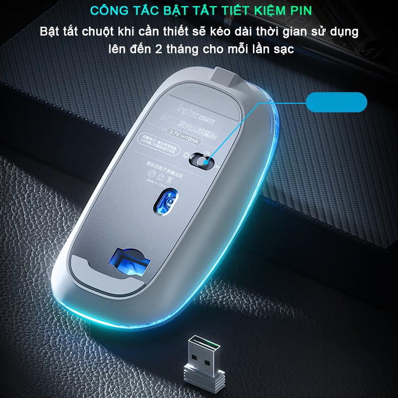 Chuột không dây wireless chính hãng Sidotech Inphic M1L silent sạc pin 1 lần dùng 8 tuần phong cách chuột Macbook
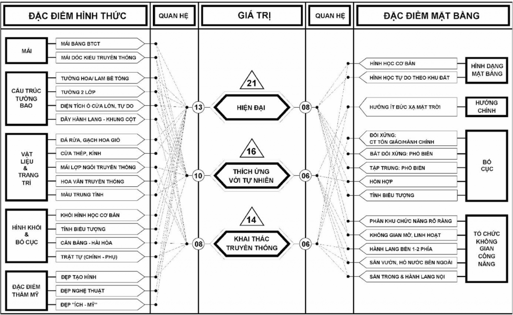 Sơ đồ [Hình 15] phân tích mối quan hệ giữa các đặc điểm hình thức và công năng của kiến trúc miền Nam Việt Nam giai đoạn 1954 – 1975 với 03 giá trị tiêu biểu. Thông qua việc xác định số lượng kết nối của từng giá trị với các đặc điểm kiến trúc, có thể thấy thứ bậc quan trọng của các giá trị này, cũng như vai trò của chúng trong việc định hình phong cách kiến trúc miền Nam.
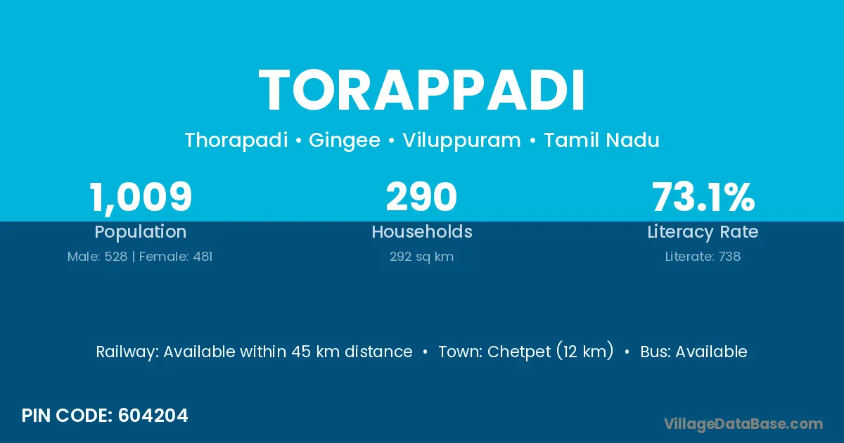 Torappadi village has a total population of 1,009 people, of which 528 are males and 481 are females.
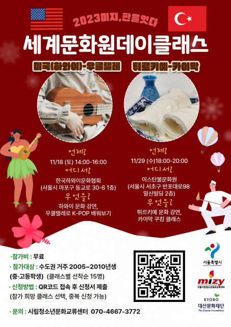 시립청소년문화교류센터(이하 미지센터)는 수도권 내 수능을 마친 수험생들을 포함하여 중학교 및 고등학교 연령대 청소년(2005~2010년생)들을 대상으로 체험형 해외문화에 대한 이해와 세계시민교육 프로그램인 '미지, 판을 잇다'를 진행한다고 밝혔다.
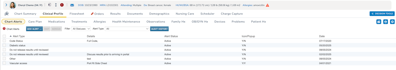 The Patient Alerts Chart Summary Widget provides a details list of alerts for a single patient.
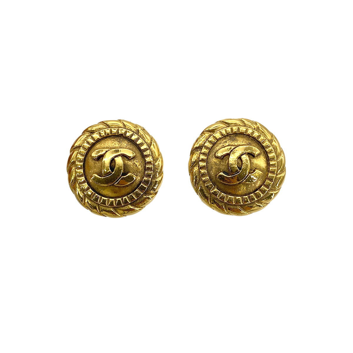 CHANEL VINTAGE EARRINGS COCOMARK ROUND GOLD ACCESSORY 90272585
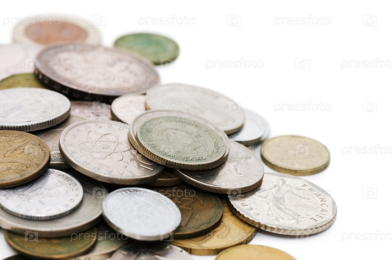 Старые монеты на белом фоне крупным планом
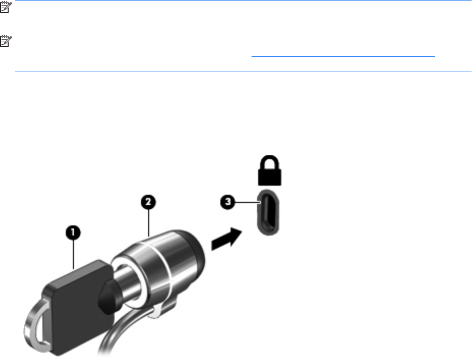 3. Εισαγάγετε την κλειδαριά καλωδίου στην υποδοχή καλωδίου ασφαλείας στον υπολογιστή (3) και, στη
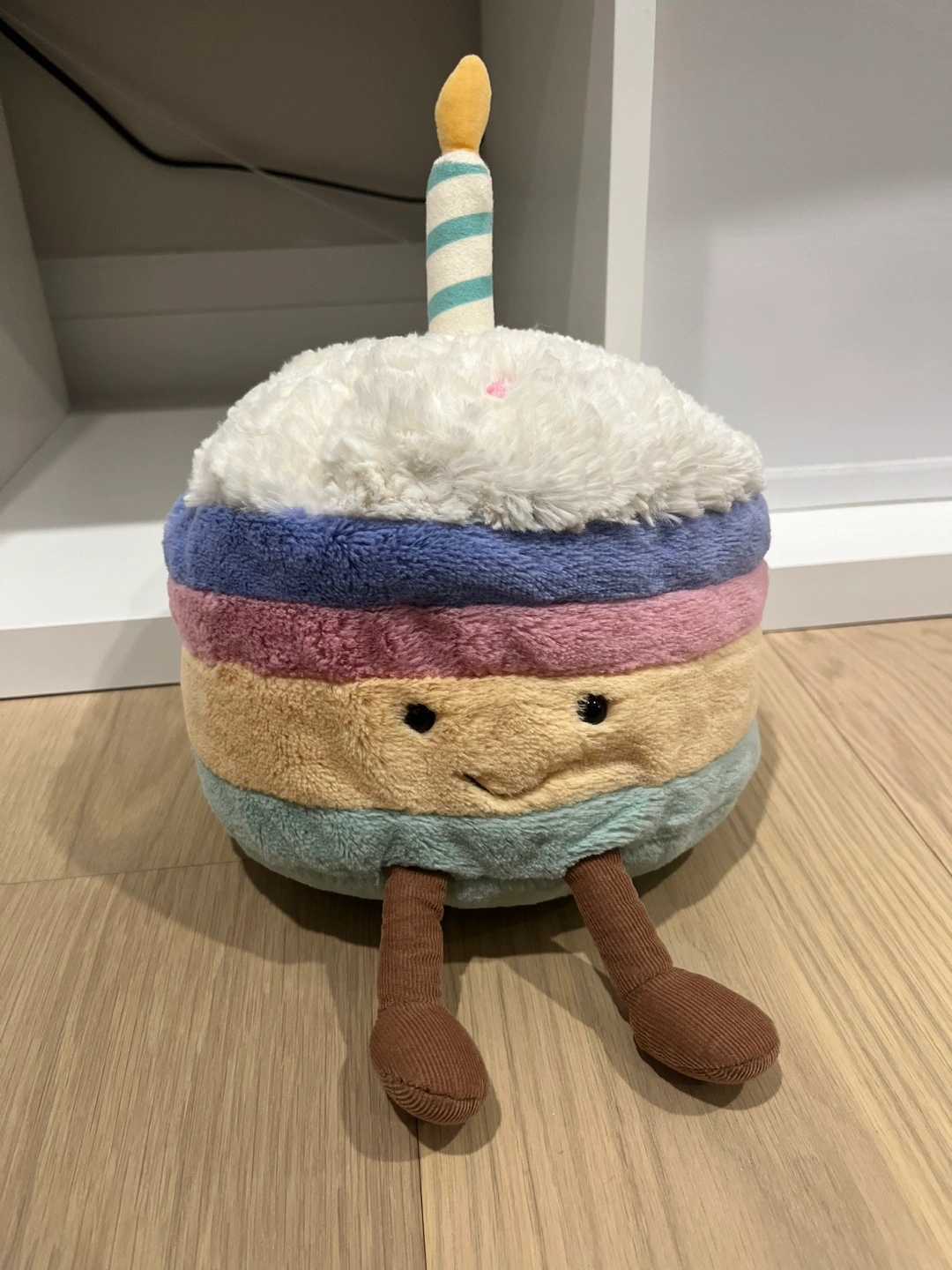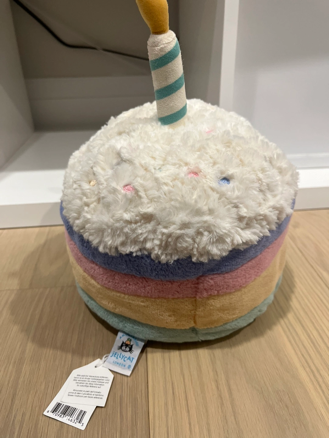 Adorable Jellycat plush toy. Shaped like a layered birthday cake. Features a lit candle on top. Soft and cuddly. Perfect for a child's birthday or a collector.
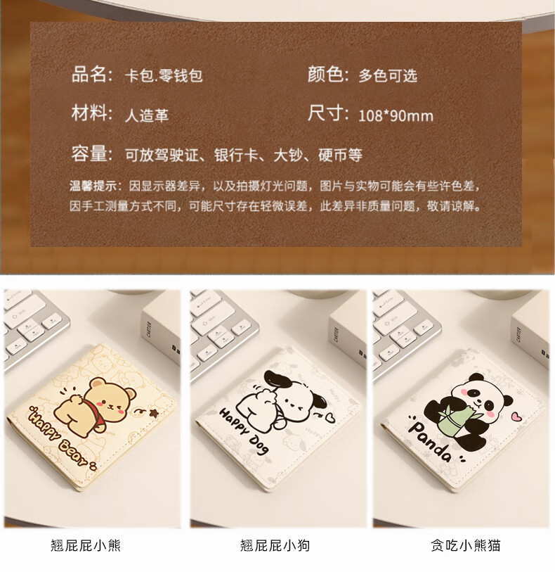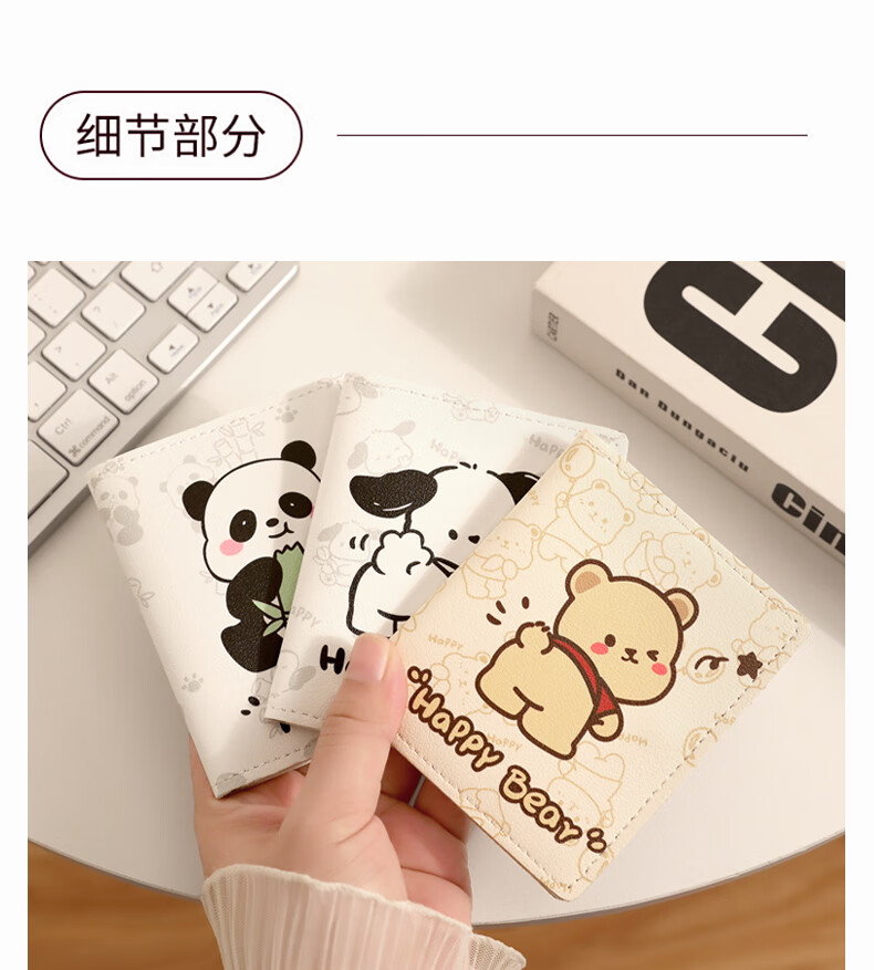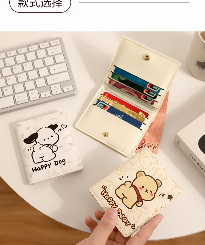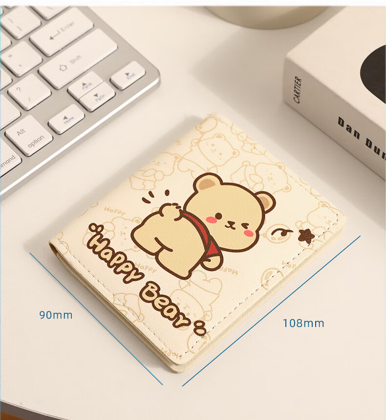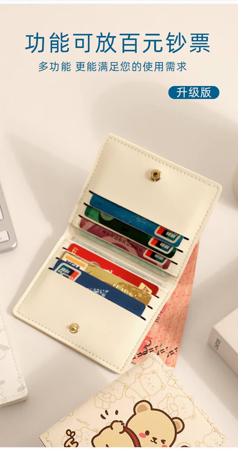 MAIWEINI card holder, coin purse, integrated female card holder, compact coin holder, ultra-thin mini wallet, two-in-one driver's license holder, cute butt bear, upgraded to add large note slots, smooth fabric, comfortable and durable

::::::::::

- **Exercise brief**:
Everything in the records above should be printed again exactly, except the pictures.

- **Output for this exercise**:
 Chuột không dây wireless chính hãng Sidotech Inphic M1L silent sạc pin 1 lần dùng 8 tuần phong cách chuột Macbook
 Sơ đồ [Hình 15] phân tích mối quan hệ giữa các đặc điểm hình thức và công năng của kiến trúc miền Nam Việt Nam giai đoạn 1954 – 1975 với 03 giá trị tiêu biểu. Thông qua việc xác định số lượng kết nối của từng giá trị với các đặc điểm kiến trúc, có thể thấy thứ bậc quan trọng của các giá trị này, cũng như vai trò của chúng trong việc định hình phong cách kiến trúc miền Nam.
 Torappadi village has a total population of 1,009 people, of which 528 are males and 481 are females.
 시립청소년문화교류센터(이하 미지센터)는 수도권 내 수능을 마친 수험생들을 포함하여 중학교 및 고등학교 연령대 청소년(2005~2010년생)들을 대상으로 체험형 해외문화에 대한 이해와 세계시민교육 프로그램인 '미지, 판을 잇다'를 진행한다고 밝혔다.
 The Patient Alerts Chart Summary Widget provides a details list of alerts for a single patient.
 CHANEL VINTAGE EARRINGS COCOMARK ROUND GOLD ACCESSORY 90272585
 Старые монеты на белом фоне крупным планом
 3. Εισαγάγετε την κλειδαριά καλωδίου στην υποδοχή καλωδίου ασφαλείας στον υπολογιστή (3) και, στη
 Adorable Jellycat plush toy. Shaped like a layered birthday cake. Features a lit candle on top. Soft and cuddly. Perfect for a child's birthday or a collector.
 MAIWEINI card holder, coin purse, integrated female card holder, compact coin holder, ultra-thin mini wallet, two-in-one driver's license holder, cute butt bear, upgraded to add large note slots, smooth fabric, comfortable and durable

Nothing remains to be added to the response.